[Work order]: Repeat only the lines below that run from the line with "Miara 5 m, przycisk" to the line with "Lampada da parete", ends included; skip every picture.

━━━━━ Exercise material

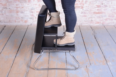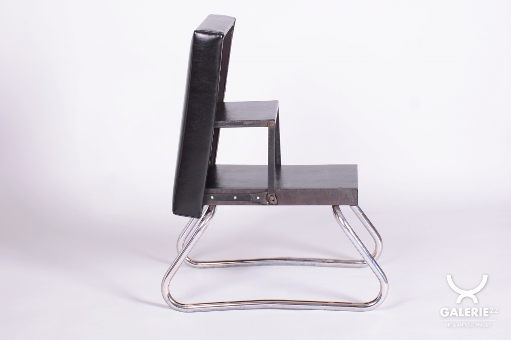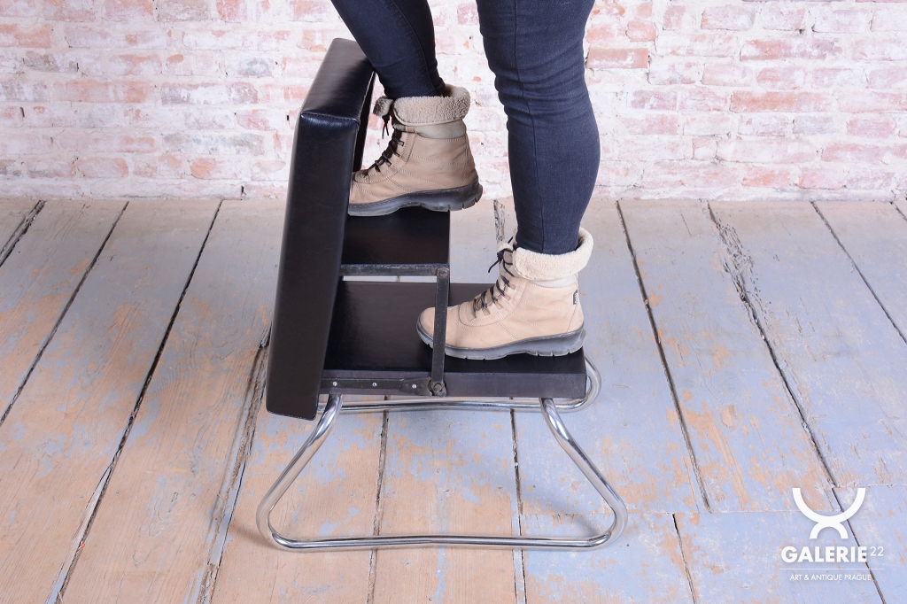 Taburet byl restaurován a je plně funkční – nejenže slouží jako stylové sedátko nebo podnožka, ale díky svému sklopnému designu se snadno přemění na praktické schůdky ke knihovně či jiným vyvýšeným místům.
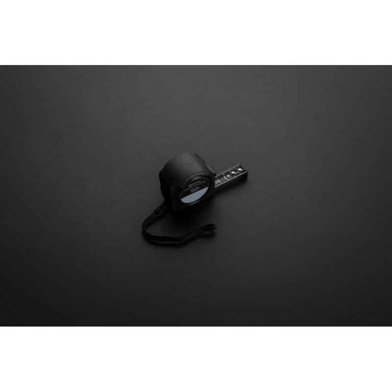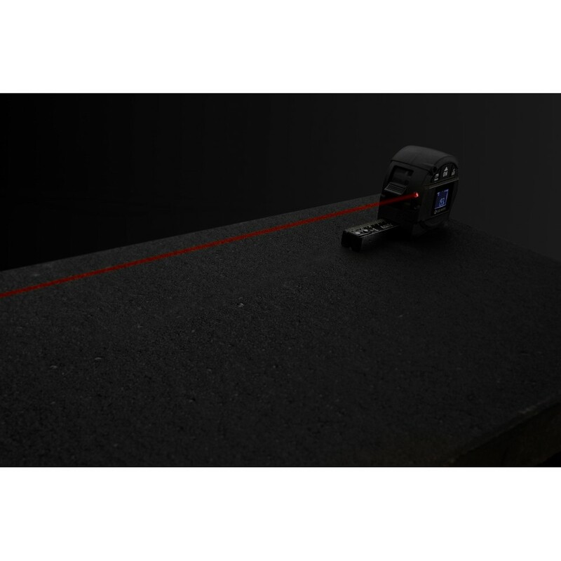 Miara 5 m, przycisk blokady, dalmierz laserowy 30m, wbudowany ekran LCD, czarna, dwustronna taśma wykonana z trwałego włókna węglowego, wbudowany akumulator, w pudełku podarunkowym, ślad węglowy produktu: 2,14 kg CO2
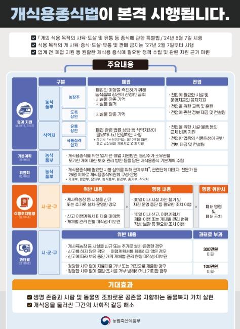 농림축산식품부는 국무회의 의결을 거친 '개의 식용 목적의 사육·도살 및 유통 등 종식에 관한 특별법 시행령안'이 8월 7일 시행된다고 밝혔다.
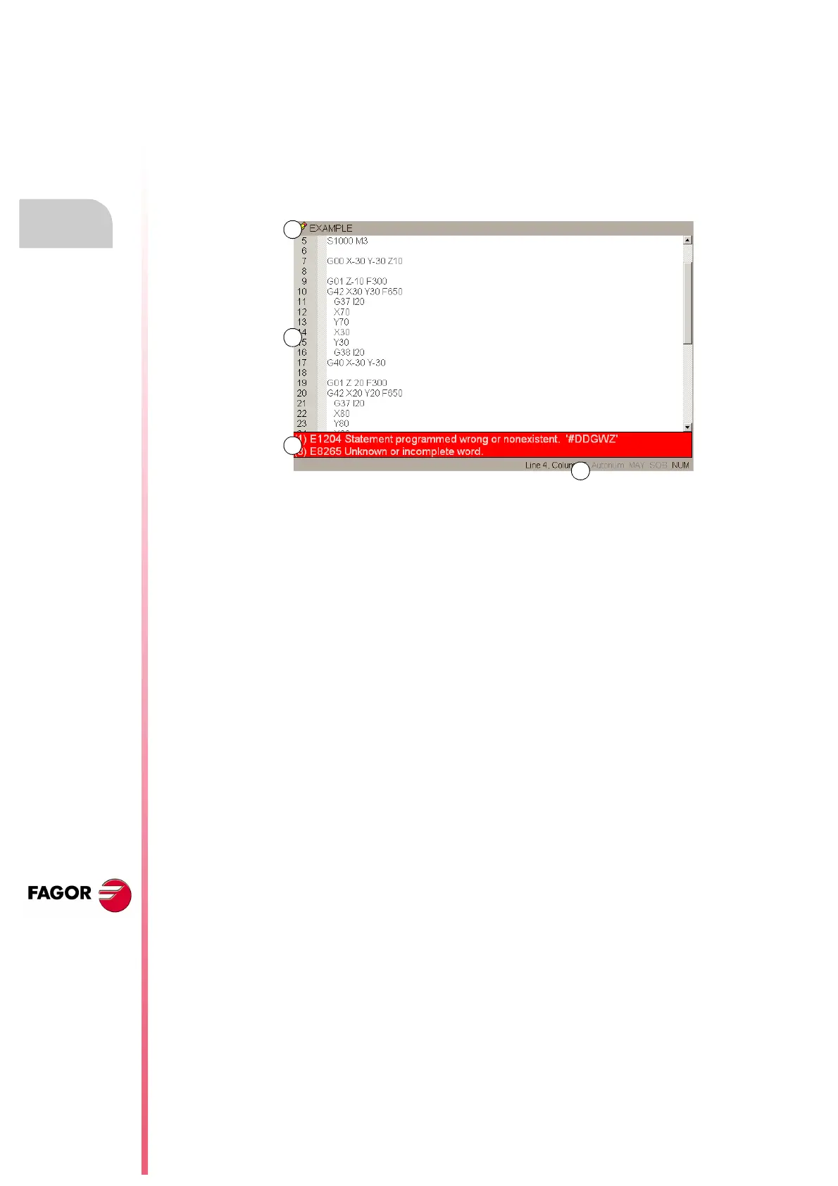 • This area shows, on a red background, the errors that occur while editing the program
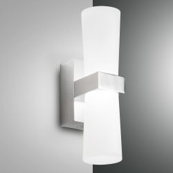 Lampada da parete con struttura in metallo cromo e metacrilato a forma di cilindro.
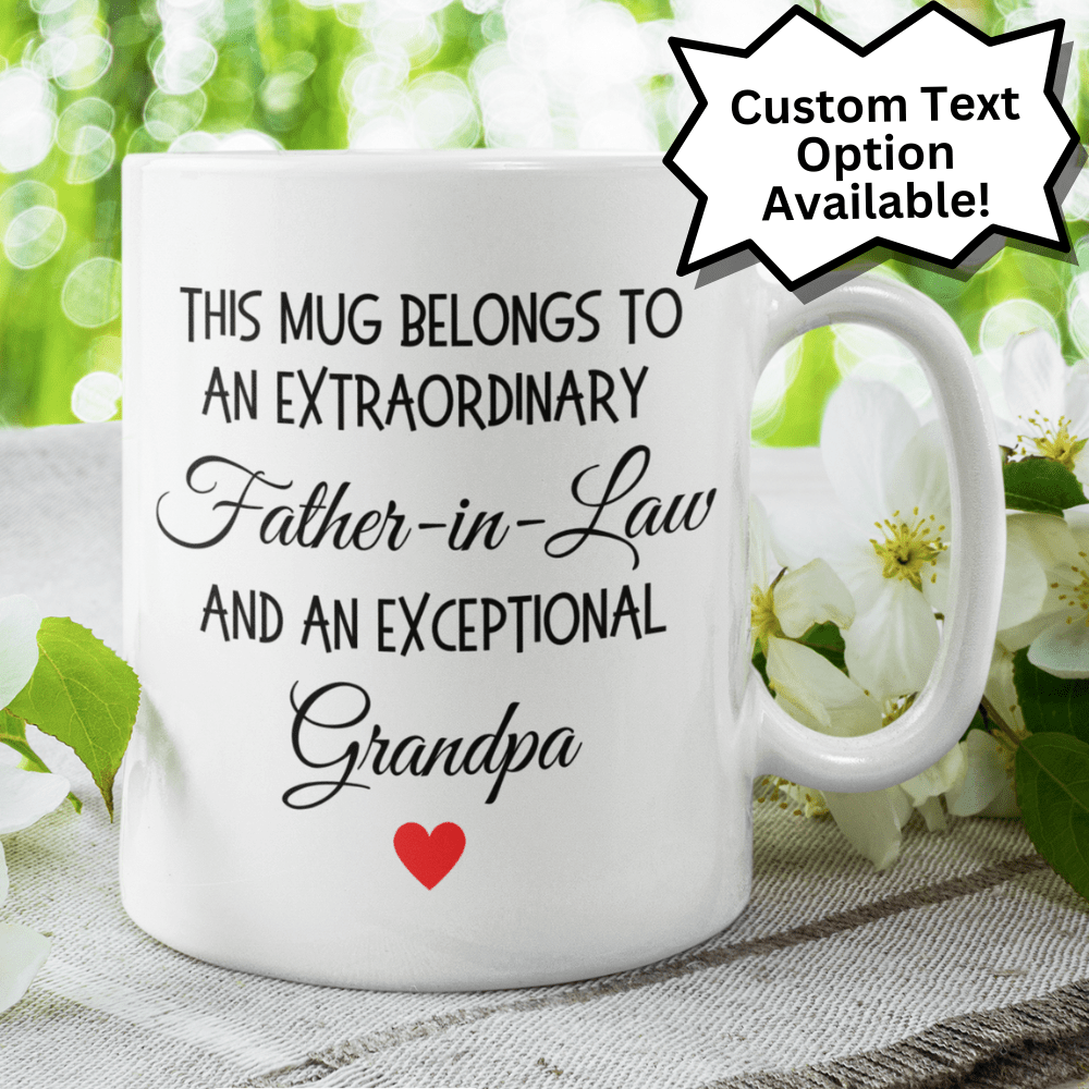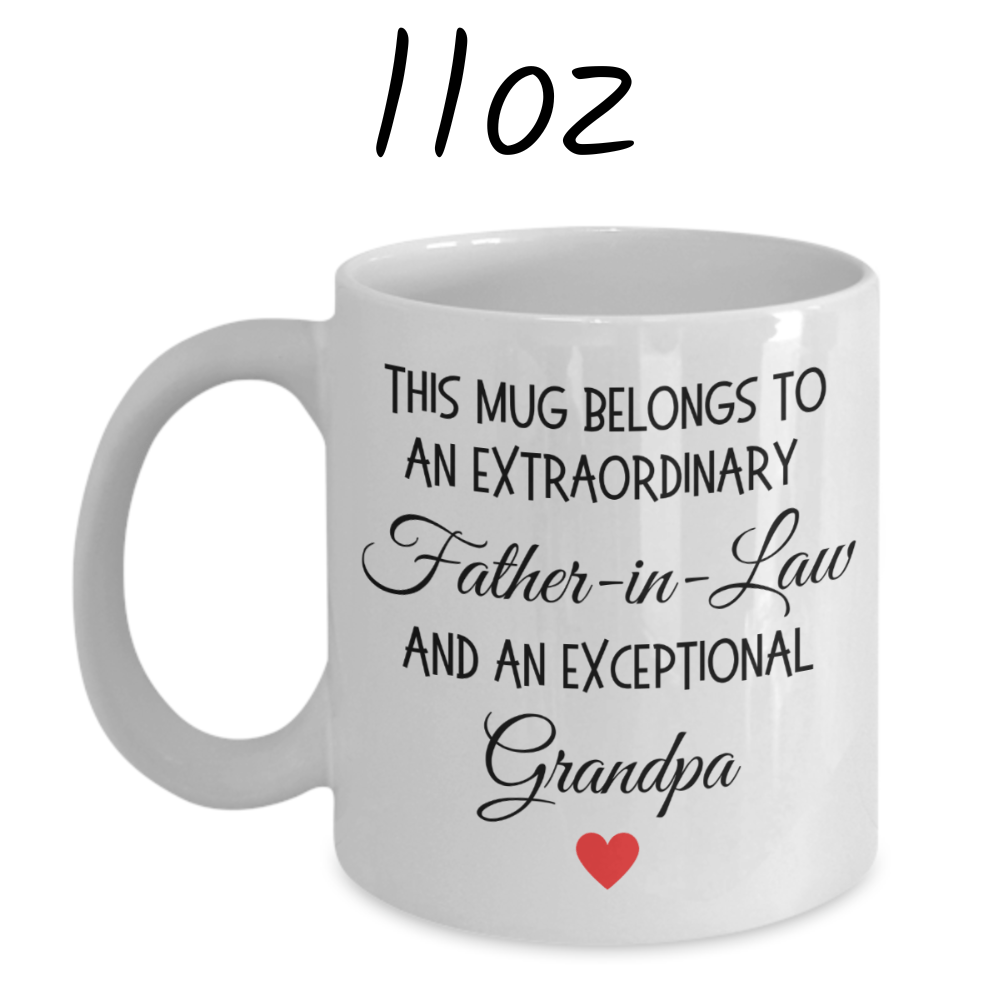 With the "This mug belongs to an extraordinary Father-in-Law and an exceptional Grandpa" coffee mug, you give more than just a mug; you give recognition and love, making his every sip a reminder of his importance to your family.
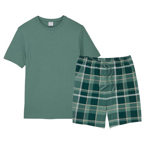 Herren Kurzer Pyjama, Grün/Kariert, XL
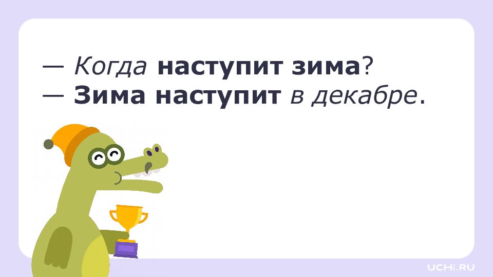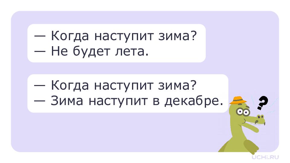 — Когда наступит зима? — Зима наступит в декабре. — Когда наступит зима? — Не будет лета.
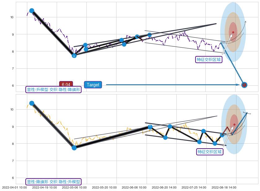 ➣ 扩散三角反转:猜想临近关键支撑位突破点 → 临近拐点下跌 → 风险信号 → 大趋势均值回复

━━━━━━━━━━

[Solution to this task]:
 Miara 5 m, przycisk blokady, dalmierz laserowy 30m, wbudowany ekran LCD, czarna, dwustronna taśma wykonana z trwałego włókna węglowego, wbudowany akumulator, w pudełku podarunkowym, ślad węglowy produktu: 2,14 kg CO2
 농림축산식품부는 국무회의 의결을 거친 '개의 식용 목적의 사육·도살 및 유통 등 종식에 관한 특별법 시행령안'이 8월 7일 시행된다고 밝혔다.
 • This area shows, on a red background, the errors that occur while editing the program
 Lampada da parete con struttura in metallo cromo e metacrilato a forma di cilindro.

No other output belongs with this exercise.